The high-profile deal was announced in a joint conference call with Microsoft CEO Satya Nadella and Salesforce chairman and CEO Marc Benioff.
"This partnership is about extending the power of Salesforce, the world's number-one CRM platform, with Microsoft, the world's mostly widely used productivity solutions," said Benioff, who has previously been a frequent and caustic critic of Microsoft.
Interoperability will enable joint customers to access, share, edit, and collaborate on Office content from within Salesforce and on Salesforce1 using Office Mobile, Office for iPad, and Office 365. A new Salesforce App for Outlook will be able to draw contact information from the email app, while Microsoft Excel and Power BI users will be able tap into and analyze data from Salesforce apps.
The integrations will "remove a lot of the friction that exists" between Salesforce and Office apps, said Nadella. And unlike third-party integration options that have been available at an extra cost, the new ties will be free to business subscribers to Office 365, Nadella said.
In a second aspect of the partnership, Microsoft announced it has renewed its commitment to use the ExactTarget Marketing Cloud for internal digital marketing -- an agreement that predated Salesforce.com's $2.5 billion, 2013 purchase of ExactTarget. In addition, Salesforce.com has agreed to keep running the underlying infrastructure of the ExactTarget Marketing Cloud on Microsoft SQL Server. Benioff said Salesforce will use Microsoft's Azure cloud for testing and development of ExactTarget applications.
Microsoft CEO Satya Nadella, left, and Saleforce.com CEO Marc Benioff.
As recently as January, Benioff described Microsoft as "a follower, not a leader," and he said the selection of a new CEO might be "too little, too late" to revive the company. But that was before the February selection of Nadella as the replacement for former CEO Steve Ballmer. Benioff cited the acquisition of ExactTarget and the choice of Nadella as two reasons for his change in tone and catalysts for the partnership.
"I've always wanted to have a closer relationship with Microsoft, and now we do because all these things have come together," he said.

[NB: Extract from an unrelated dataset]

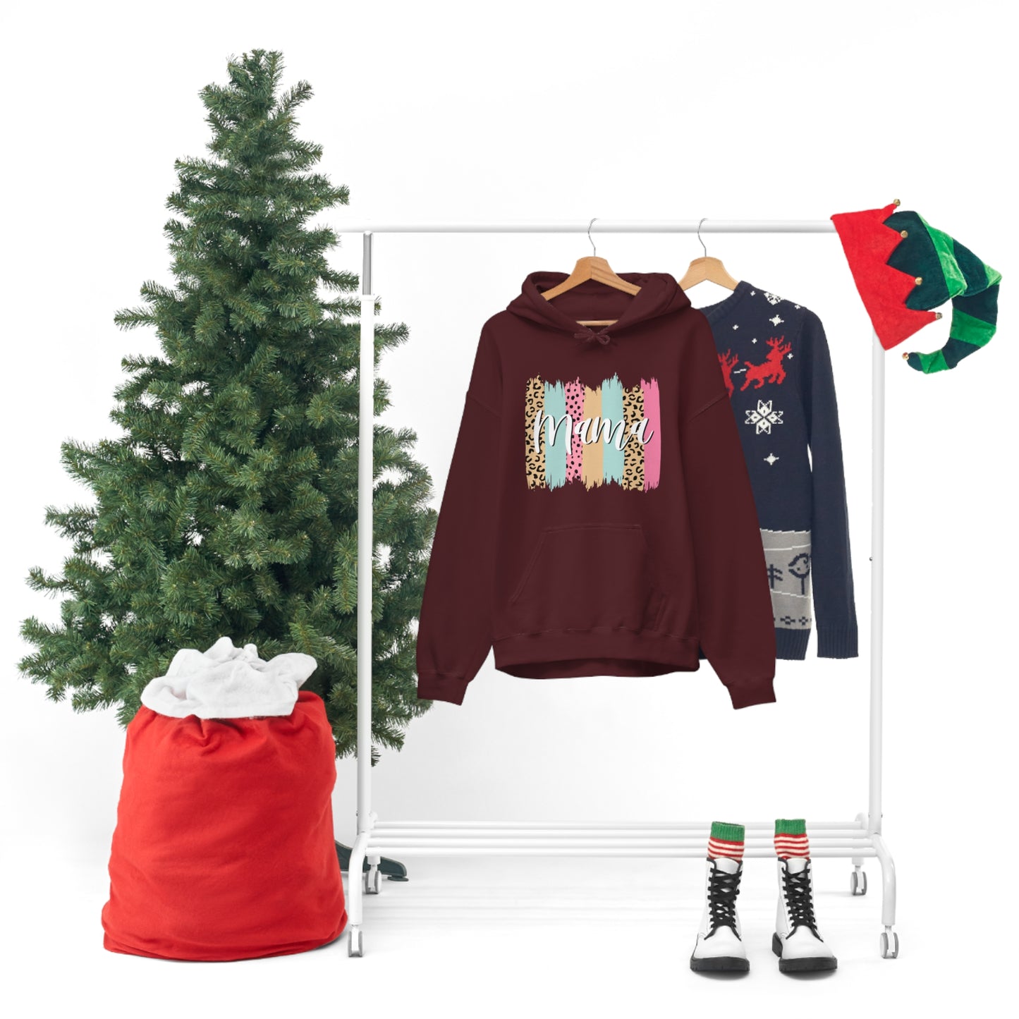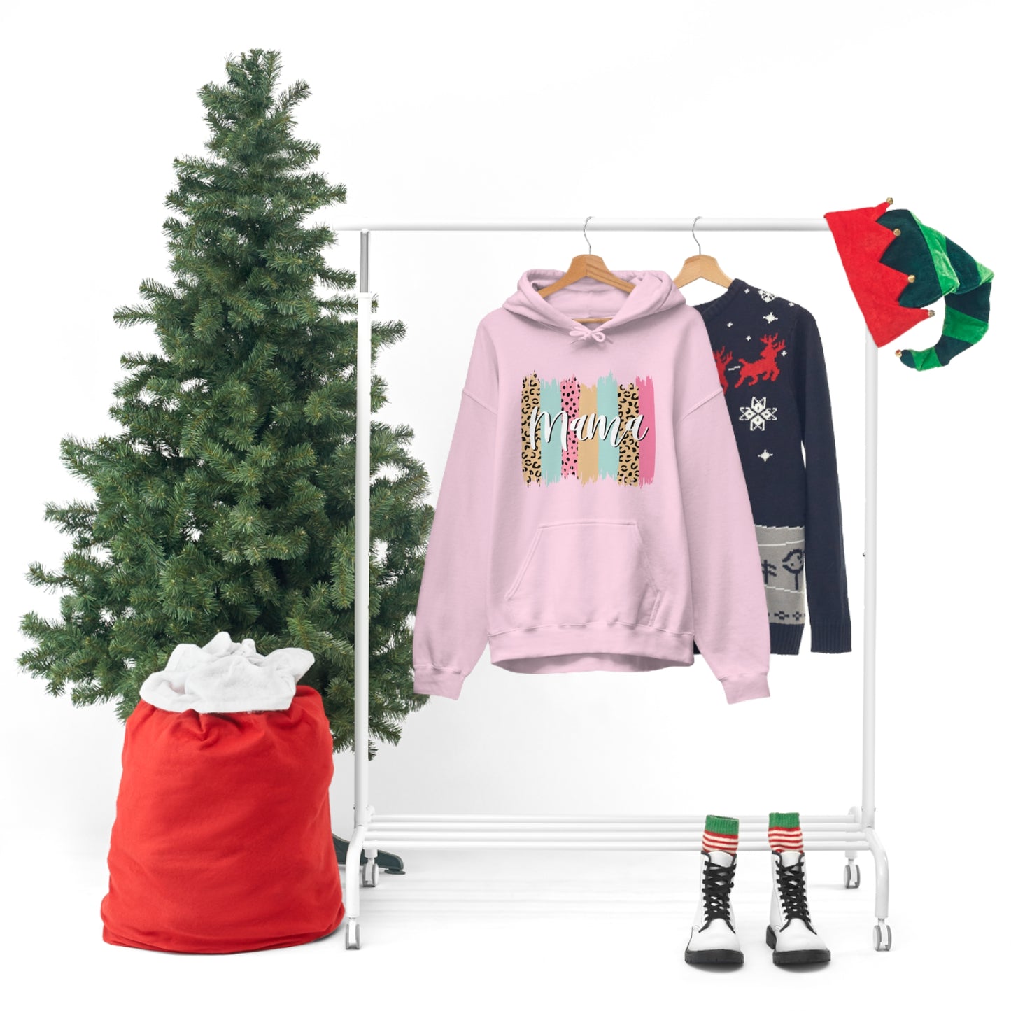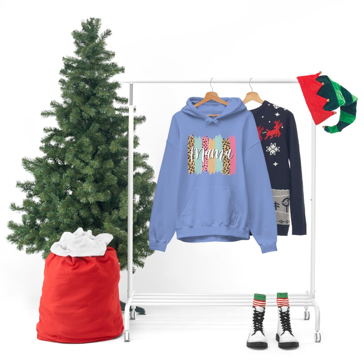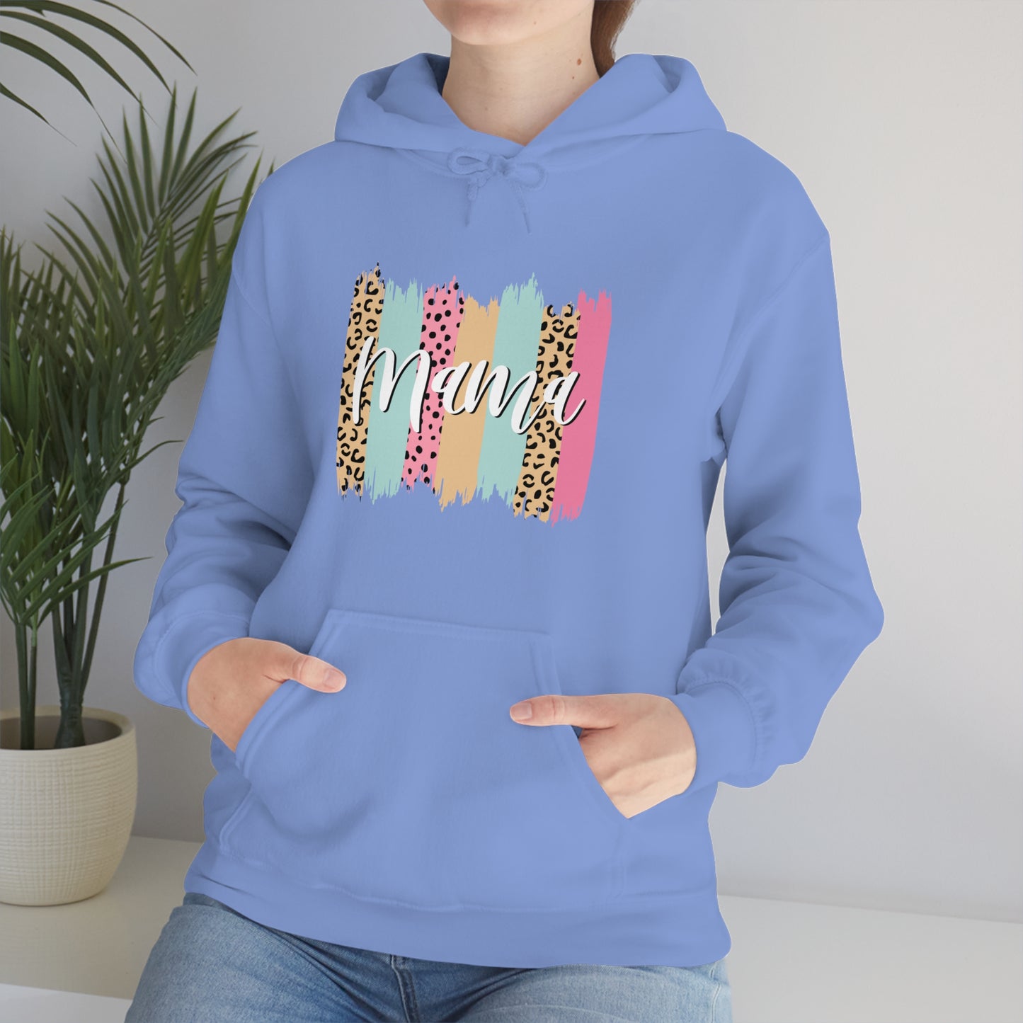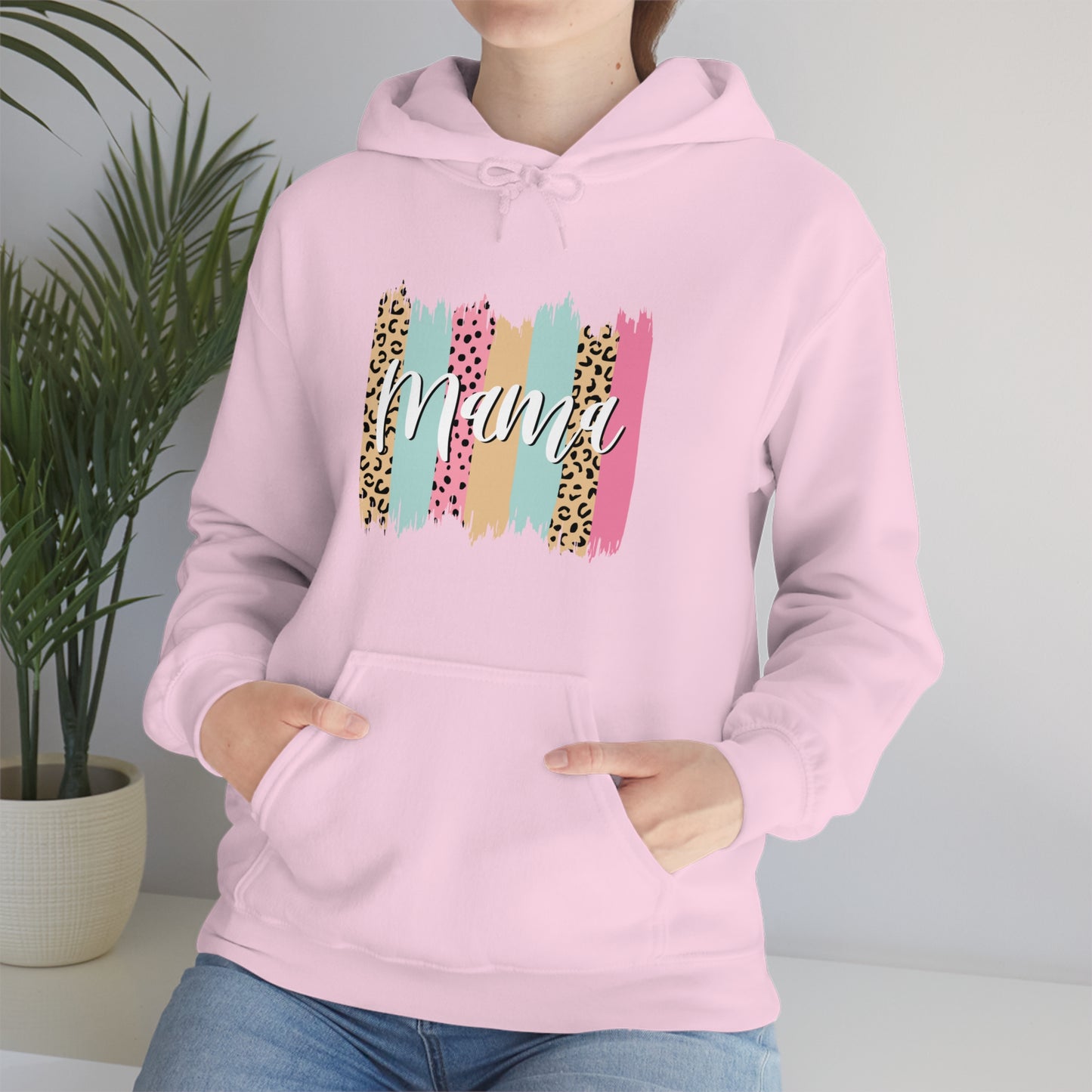 This unisex heavy blend hooded sweatshirt is relaxation itself. Made with a thick blend of cotton and polyester, it feels plush, soft and warm, a perfect choice for any cold day. In the front, the spacious kangaroo pocket adds daily practicality while the hood's drawstring is the same color as the base sweater for extra style points. Chill Stitch – Leopard Paint Strokes Mama - Unisex Hooded Hoodie Sweatshirt – Embrace Your Vibe

The partners did not disclose the terms of the deal. They also did not explain why Salesforce.com apps will not be made available on the Microsoft Azure cloud -- a rumored aspect of the deal that was widely reported before Thursday's announcement. An Oracle-Microsoft partnership announced last year made Oracle apps available on Azure. And SAP apps will hit Azure in June through a separate deal announced earlier this month. But many Oracle and SAP apps started out on-premises, with versions running on Windows and SQL Server. Salesforce apps have never run on premises or on Microsoft infrastructure.
Why is Microsoft building closer ties with Salesforce when it competes with its Microsoft Dynamics CRM business? "There will be some areas that we will compete in," Nadella acknowledged, citing the inevitability of conflicts when operating a broad platform. Interoperability between popular applications is "what our customers demand of us."
Microsoft's continued use of ExactTarget is also somewhat surprising. In 2012 Microsoft acquired MarketingPilot as the underpinning for Microsoft Dynamics Marketing and campaign-management enhancements introduced as part of Dynamics CRM Spring 2014.
Supporting company strategy, Kirill Tatarinov, president of the Microsoft Business Solutions Division responsible for Dynamics apps, wrote in a blog that the deal is "an inspiring example of how two companies that compete vigorously on many fronts can also find ways to come together to benefit our customers." Tatarinov is clearly resigned to accepting the realities of why the deal is taking place.
"The reason that this relationship works is because Microsoft's core strategy is Windows and Office; that's where its revenue comes from," Benioff said. "Our core strategy is our CRM apps; that's where our revenue comes from. We both want to grow our revenues."